● Dataset excerpts
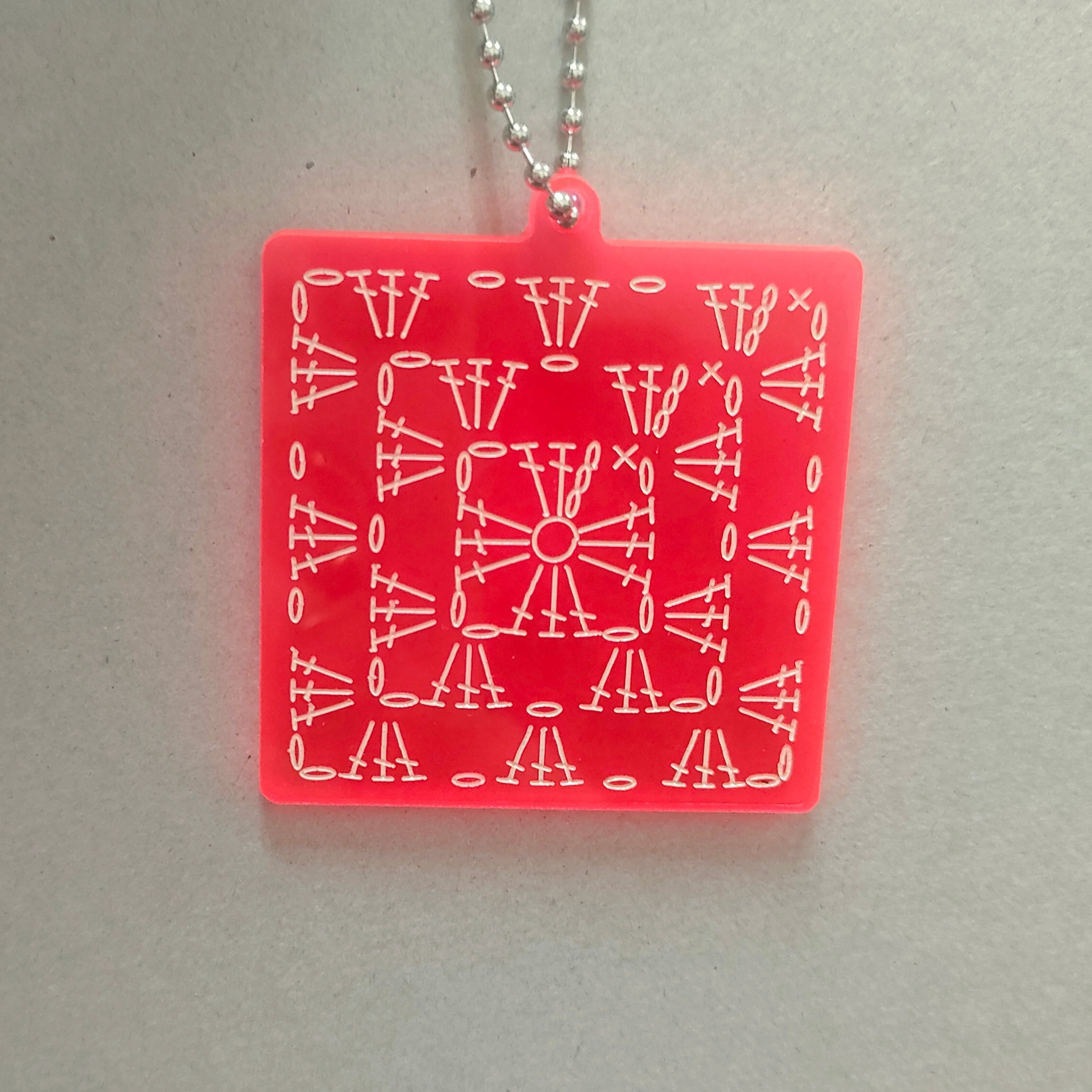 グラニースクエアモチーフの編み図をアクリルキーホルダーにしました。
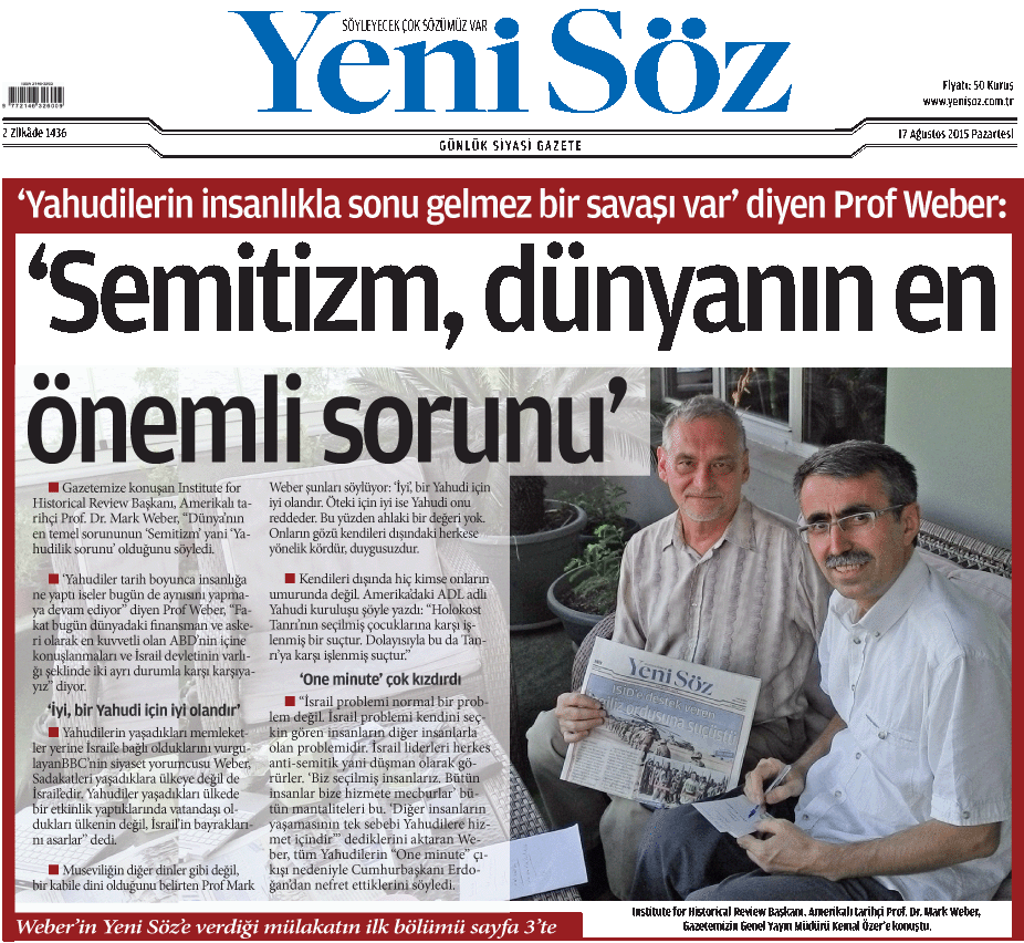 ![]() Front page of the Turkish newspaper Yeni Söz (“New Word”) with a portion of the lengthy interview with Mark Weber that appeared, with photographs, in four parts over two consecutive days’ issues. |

==

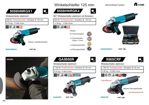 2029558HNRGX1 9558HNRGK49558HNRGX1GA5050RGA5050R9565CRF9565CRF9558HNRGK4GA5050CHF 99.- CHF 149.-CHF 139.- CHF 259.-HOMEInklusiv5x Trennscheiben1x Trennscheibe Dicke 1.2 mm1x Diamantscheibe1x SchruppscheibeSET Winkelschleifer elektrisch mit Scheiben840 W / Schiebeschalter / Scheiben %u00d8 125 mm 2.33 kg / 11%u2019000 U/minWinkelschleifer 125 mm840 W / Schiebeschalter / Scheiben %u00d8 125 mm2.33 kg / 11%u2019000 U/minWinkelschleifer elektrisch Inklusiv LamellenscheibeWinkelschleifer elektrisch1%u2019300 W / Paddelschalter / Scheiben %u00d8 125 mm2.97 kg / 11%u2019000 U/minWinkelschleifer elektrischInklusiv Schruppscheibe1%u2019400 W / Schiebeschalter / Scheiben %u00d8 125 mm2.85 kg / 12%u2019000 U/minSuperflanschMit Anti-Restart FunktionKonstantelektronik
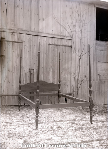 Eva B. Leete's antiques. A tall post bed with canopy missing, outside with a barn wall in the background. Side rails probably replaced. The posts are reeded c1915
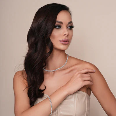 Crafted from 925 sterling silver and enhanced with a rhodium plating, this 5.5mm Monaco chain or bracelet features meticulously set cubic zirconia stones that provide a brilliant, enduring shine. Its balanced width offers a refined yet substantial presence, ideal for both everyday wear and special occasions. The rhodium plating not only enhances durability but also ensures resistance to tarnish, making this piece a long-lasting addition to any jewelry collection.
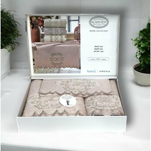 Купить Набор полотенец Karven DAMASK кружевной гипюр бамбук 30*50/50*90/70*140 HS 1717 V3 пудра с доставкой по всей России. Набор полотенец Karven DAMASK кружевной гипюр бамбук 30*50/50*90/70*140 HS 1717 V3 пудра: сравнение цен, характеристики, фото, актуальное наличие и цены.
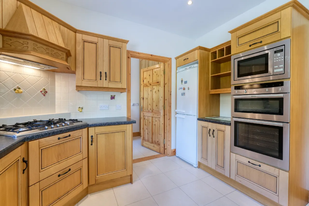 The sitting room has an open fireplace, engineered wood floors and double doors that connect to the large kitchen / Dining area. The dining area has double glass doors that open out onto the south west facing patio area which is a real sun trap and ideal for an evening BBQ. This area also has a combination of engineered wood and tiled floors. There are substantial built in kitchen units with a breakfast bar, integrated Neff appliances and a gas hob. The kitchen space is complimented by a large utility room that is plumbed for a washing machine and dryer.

● What to produce
Would you output only the span of the records above that opens with the line containing "グラニースクエアモチーフの編み図をアクリルキーホルダーにしました。" and closes with the line containing "days’ issues. |", ends included and pictures dropped?

● Written solution
 グラニースクエアモチーフの編み図をアクリルキーホルダーにしました。
 ![]() Front page of the Turkish newspaper Yeni Söz (“New Word”) with a portion of the lengthy interview with Mark Weber that appeared, with photographs, in four parts over two consecutive days’ issues. |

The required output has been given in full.